The very first baby monitor was developed in the 30s, accompanying the growing medium of radio broadcasting. It began as a humble, sound only system that consisted of a mic, transmitter, and speaker. By the 70s, 2-way intercoms were developed; and by the early 2000s, it had evolved into video-capable units. With the introduction of more and more technologies, the baby monitors came to accommodate complex innovations in their designs.
Presently, there are baby monitors that range from purely audio to high definition video recording devices, with novel features like temperature sensing, humidity monitoring, crypto safety, and recorded lullabies and/or white noise makers. The task then becomes how to filter out the”fluff” while ensuring that it does what it is created to do: allow you to look at your child’s safety and comfort with ease, at any given time of the day or night.
From the abundance of choices available, we have singled out one product that seems to have gotten it right, and has gotten it right for many years now. Infant Optics DXR-8 grabbed our attention for getting the right mix of performance, durability, reliability, and innovation. Below are some comparisons with other top competitors.

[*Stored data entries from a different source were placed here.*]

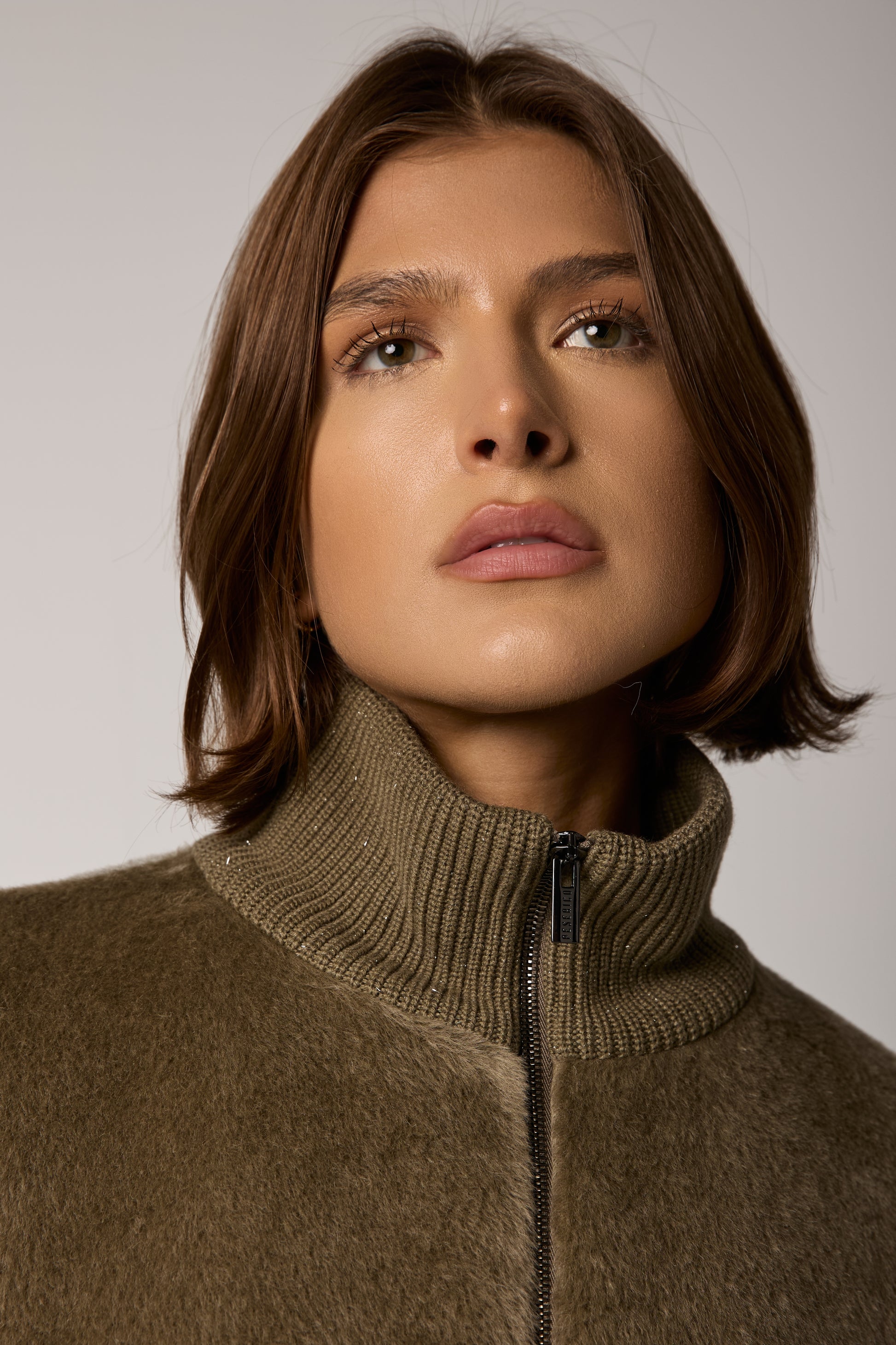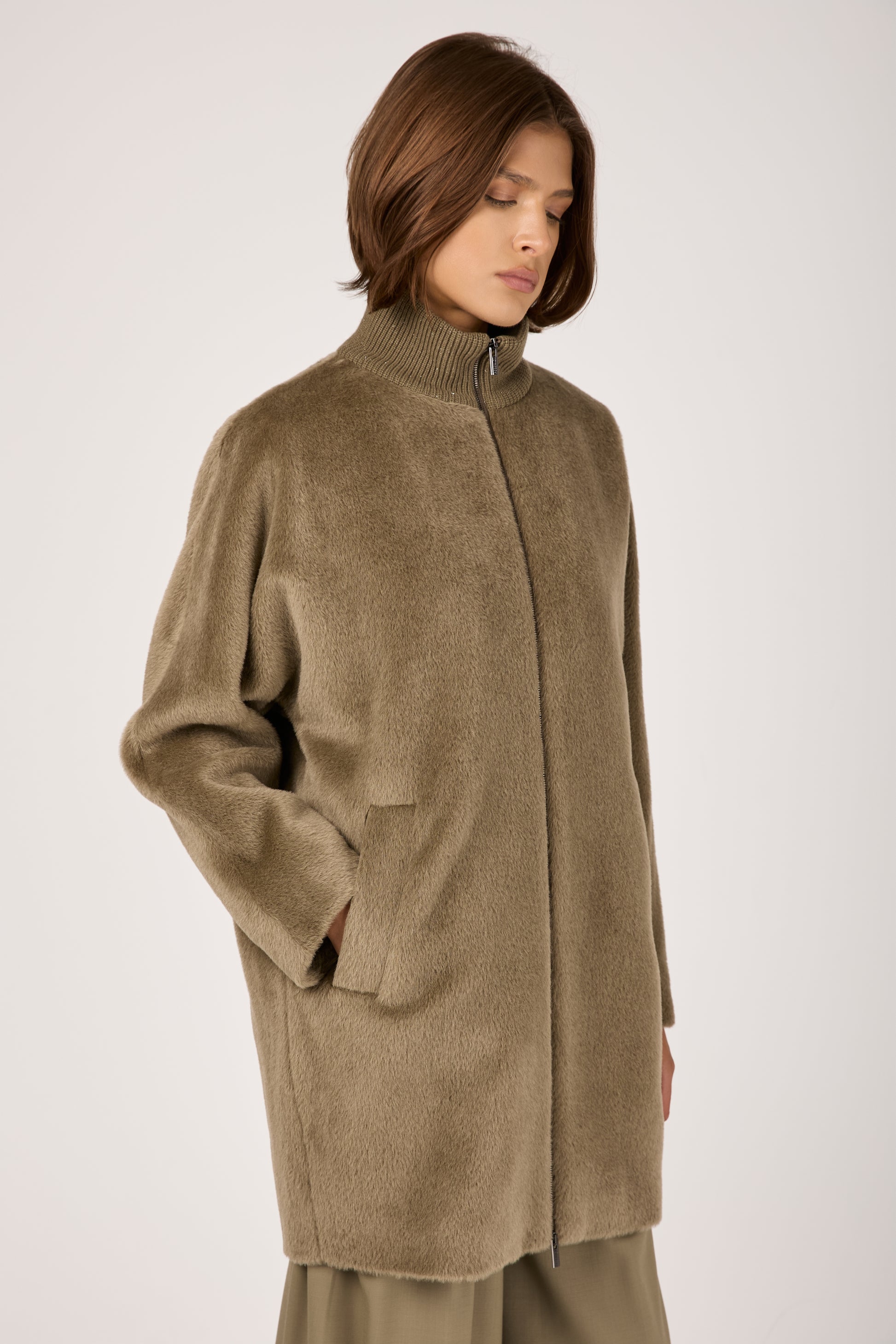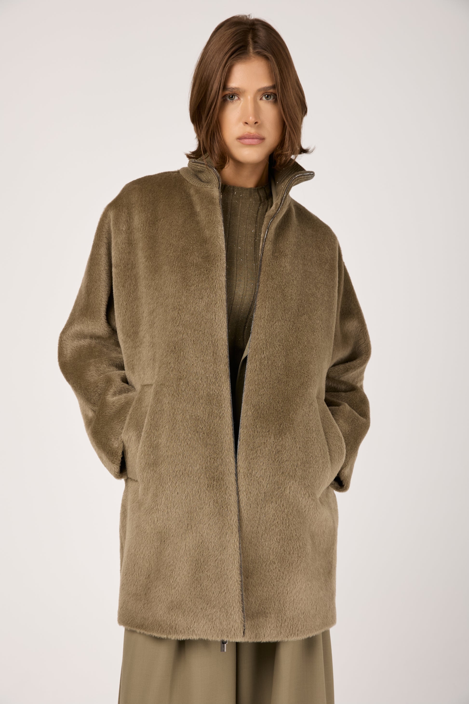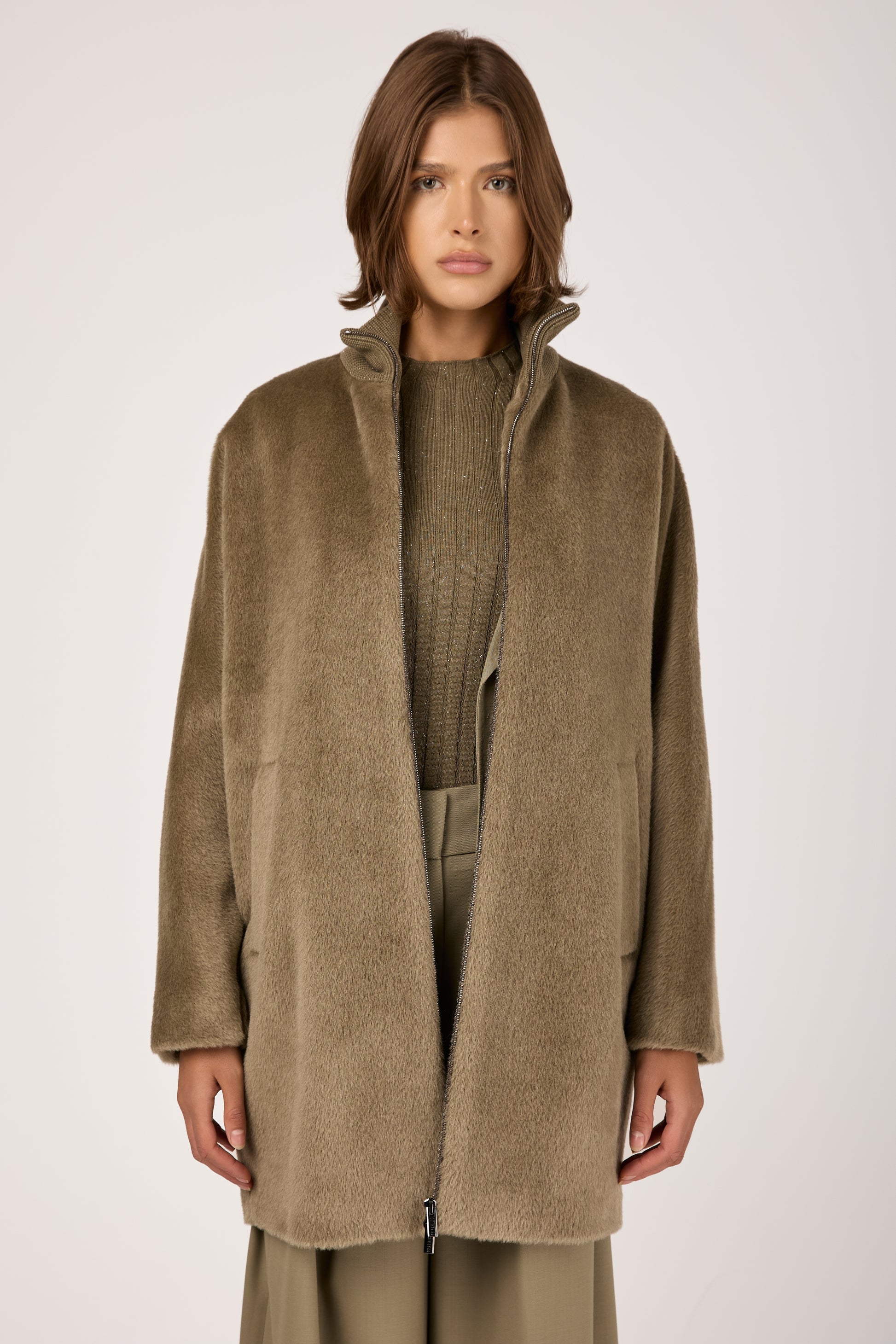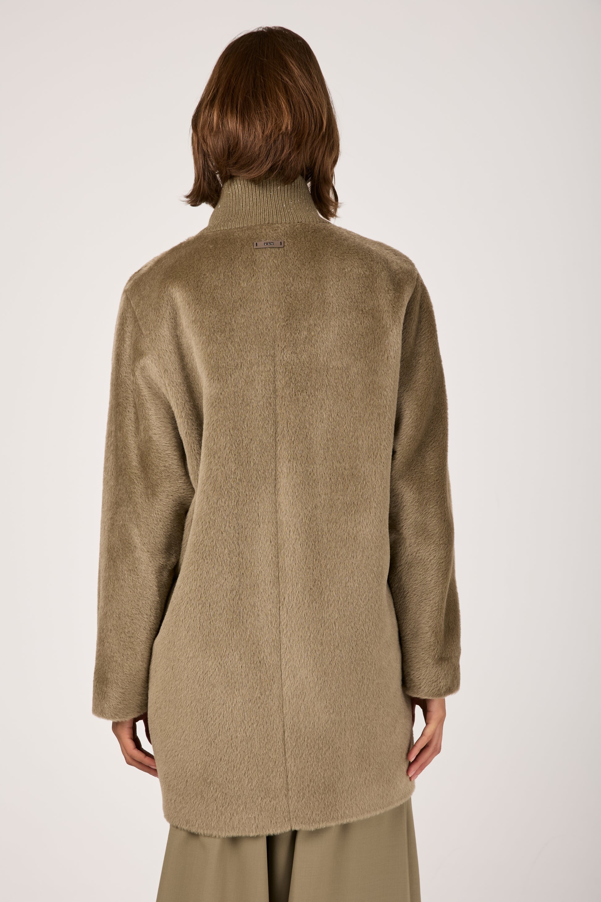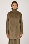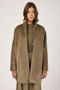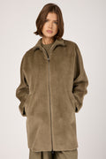 Long-Haired Alpaca Velour Coat in Clay Green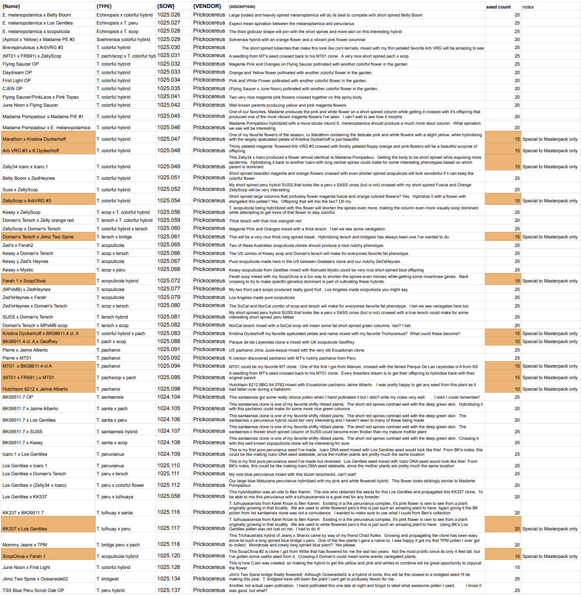 It’s here.  The 10.1025 Seedlist.  This is what will be available.  Some of you may not know, but what is a Masterpack?  It’s the totality of the seed available offered to first adopters.  Byn getting the large variety in the Masterpack, some very limited seed will be available only to the folks who go all in!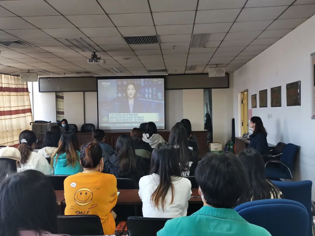 与会师生共同收看了新闻联播关于“习近平总书记考察中国人民大学”的新闻报道,学习了习近平总书记在中国人民大学的重要讲话精神。总书记发起“广大青年要做社会主义核心价值观的坚定信仰者、积极传播者、模范践行者,向英雄学习、向前辈学习、向榜样学习,争做堪当民族复兴重任的时代新人,在实现中华民族伟大复兴的时代洪流中踔厉奋发、勇毅前进”的号召,引起了师生强烈共鸣,并对此展开热烈讨论。同学们纷纷表示,作为新时代青年要急流勇进,担当起大国青年的时代责任,走与人民群众相结合的成长道路;感应时代脉搏,把自己的所学所思应用到实践中去,苦干实干、不怕吃苦、不惧风浪,牢记党的教诲,牢记总书记的嘱托,争取跑出当代青年的最好成绩!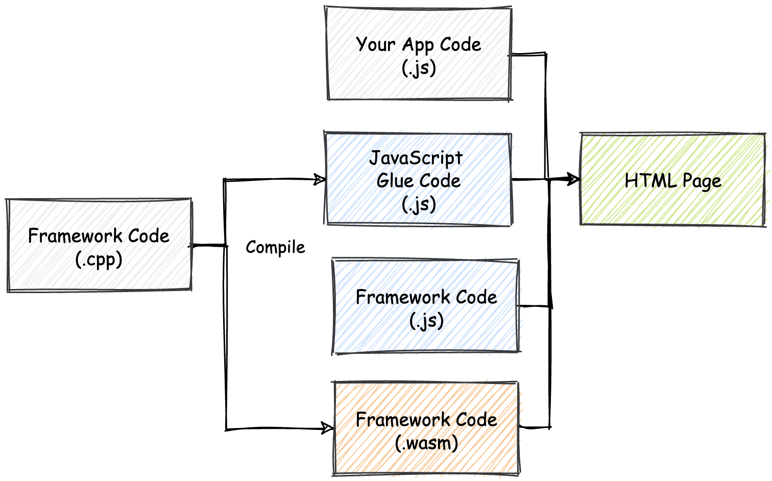 可以看到,这里 Wasm 本身只是作为一个模块,用于优化应用的某方面功能。而 Web 框架本身的源代码组成形式不会发生任何改变,应用仍然还是使用 JavaScript 来构建其主体结构。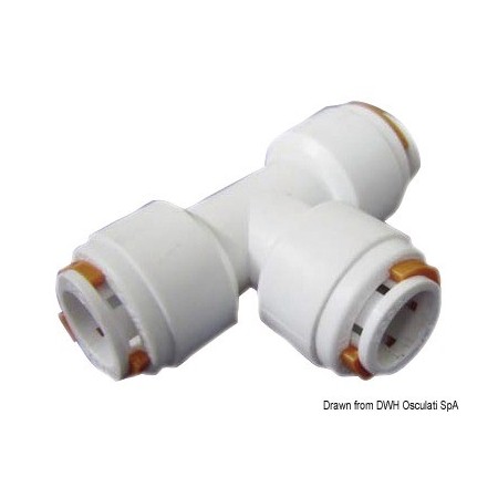 Sofortige Montage durch Clips. Ein einziger Druck des Rohrs auf den Fitting genügt zur Montage. Wiederverwendbare Fittings aus hochfestem, lebensmittelechtem, ungiftigem Kunststoff mit steifem, semi-Polyethylenrohr.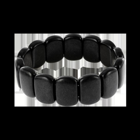 Браслет изготовлен из полудрагоценного камня Бяньши, который добывается в Китае, в месте падения метеорита. Браслет состоит из 14 камней в мягкой прямоугольной формы. Черный нефрит очень почитается в Китае и некоторых других странах. Его в Китае называют «Камень жизни». Браслеты из нефрита бяньши часто применяют как обереги или амулеты. Это обусловлено сильной энергетикой минерала. Украшение помогает выполнять желания своего обладателя, меняет жизнь к лучшему, облегчает поиск своего предназначения. Камень подходит всем людям без исключения и обладает целебными свойствами. У камня уникальный состав. После проведения химического анализа удалось выяснить, что в его составе есть больше 30 элементов, причем таких важнейших, как железо, цинк, медь, фосфор и калий, в которых нуждается человеческий организм. Учеными было также установлено, что из него исходит инфракрасное излучение, схожее с излучением, идущим от тела человека. Если вы возьмете в руку бяньши, то сами почувствуете приятное тепло. Также, если камень бяньши потереть о кожный покров, появляется ультразвук. С его помощью излечивается большое количество самых разнообразных заболеваний. Браслет из бяньши будет полезен людям, работа которых связана с частым использованием компьютера, мобильных устройств и прочей техники, которая генерирует электромагнитное излучение. Также он пригодится людям с малоподвижным образом жизни. Поможет при длительной, напряженной физической работе и при постоянных стрессах и нервных ситуациях.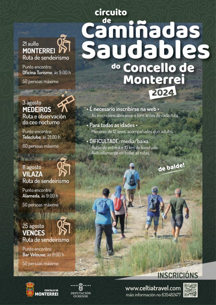 Por quinto ano consecutivo o Concello de Monterrei e a Deputación de Ourense poñen en marcha o programa Circuito de Camiñadas Saudables. Dende Celtia Travel queremos agradecer a confianza depositada en nós para a organización do mesmo unha tempada máis.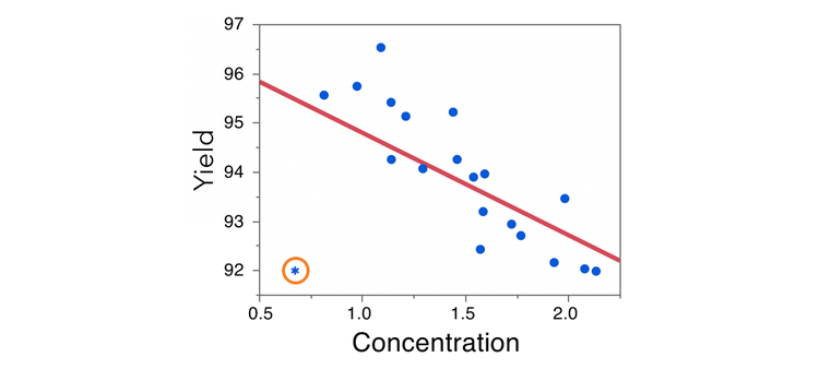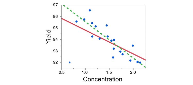 But some outliers or high leverage observations exert influence on the fitted regression model, biasing our model estimates. Take, for example, a simple scenario with one severe outlier. This observation has a much lower Yield value than we would expect, given the other values and Concentration.
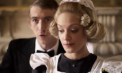 светловолосая пума-воспитательница в нейлоновых чулках с огромными молочными банками хочет большой черный член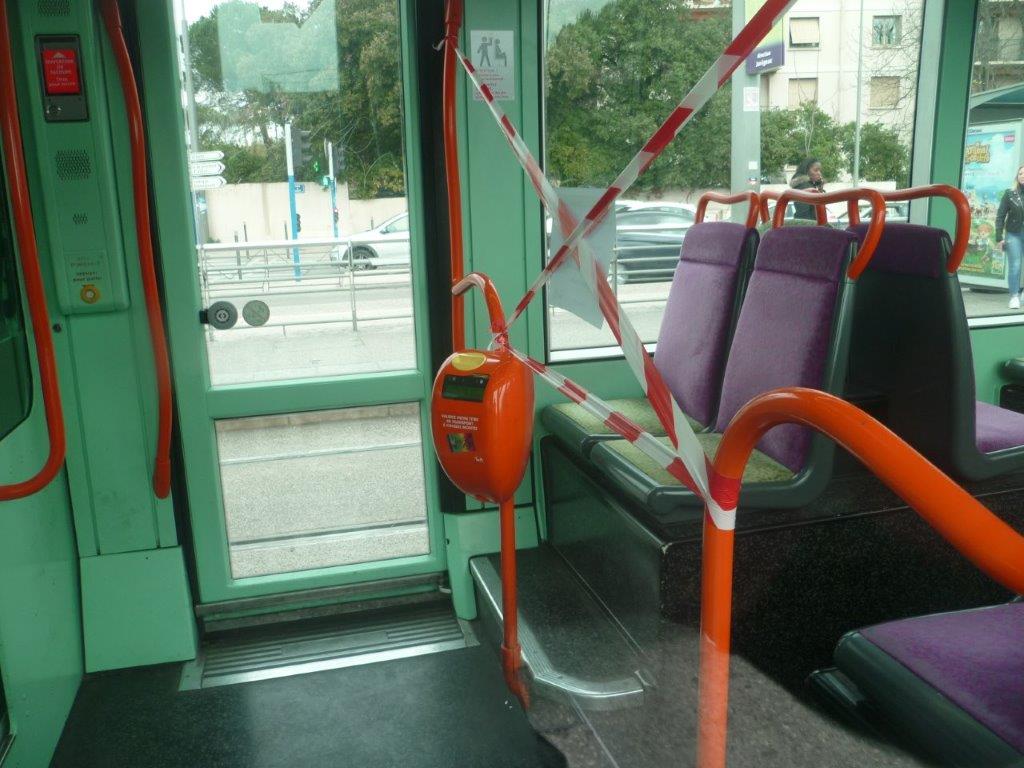 Epidémie de Covid-19 oblige, depuis le lundi 16 mars 2020, date de la photo, dans toutes les rames de tramway du réseau TaM Montpellier 3M, l’accès et la descente par les portes à un vantail de chaque motrice de bout de rame est désormais interdit à la clientèle jusqu’à nouvel ordre. Copyright : Edouard Paris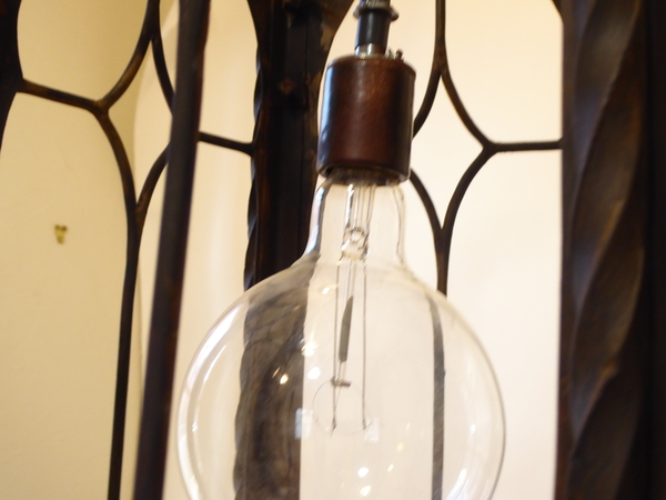 This antique iron lantern has updated wiring and uses a single Edison base bulb up to 100 Watts. It does not have glass panels.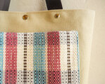 春夏向けのさわやかな色を集めたカントリーチェック柄の手織り布と丈夫な倉敷帆布のコンビネーションで、ミニトートバッグを作りました。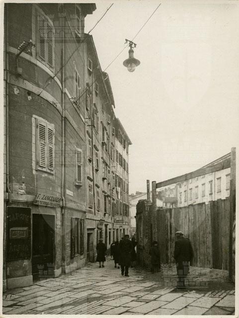 Via del Pozzo Bianco in Cittavecchia durante le demolizioni previste dal piano urbanistico fascista. Sulla sinistra le case ai civici nn. 123-122-121, sulla destra i resti della casa nn. 340-341 e la facciata della casa n. 343.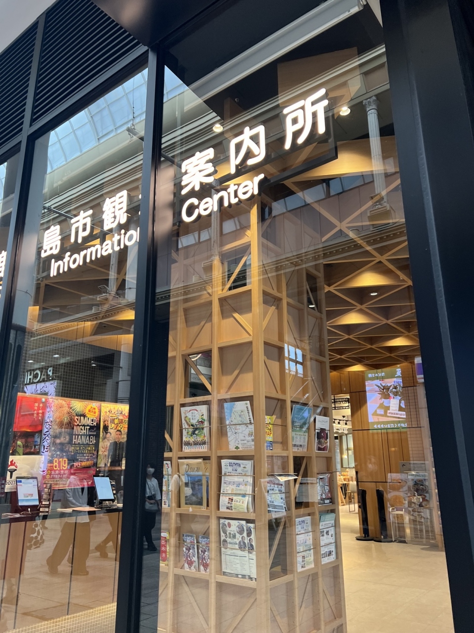 天文館商店街の入り口にあるセンテラスの一階にある観光案内所です。ガラス張りになっているとておおしゃれな施設となっています。ガラス張りなのでオープンな感じで入りやすい点もよいですね。場所もたいへんわかりやすいです。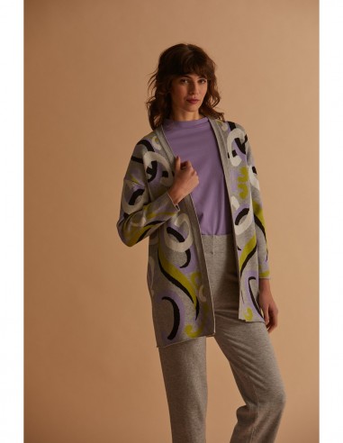 Chaqueta abierta sin cierre. Estampada en diferentes colores predominando el gris.

Infant Optics DXR-8 vs Eufy SpaceView Infant Optics vs Ibaby
Probably the only other baby monitor that comes close to the Infant Optics DXR-8 baby monitor is the one from Eufy SpaceView. At roughly the same price range, they have been elbowing one another for the top spot on reviewers’ lists since 2019. Make no mistake though, Infant Optics DXR-8’s track record for recognition is still currently unbeatable, with awards for the best baby monitor since 2017, including “Best Baby Monitor Of All Time” by New York Magazine.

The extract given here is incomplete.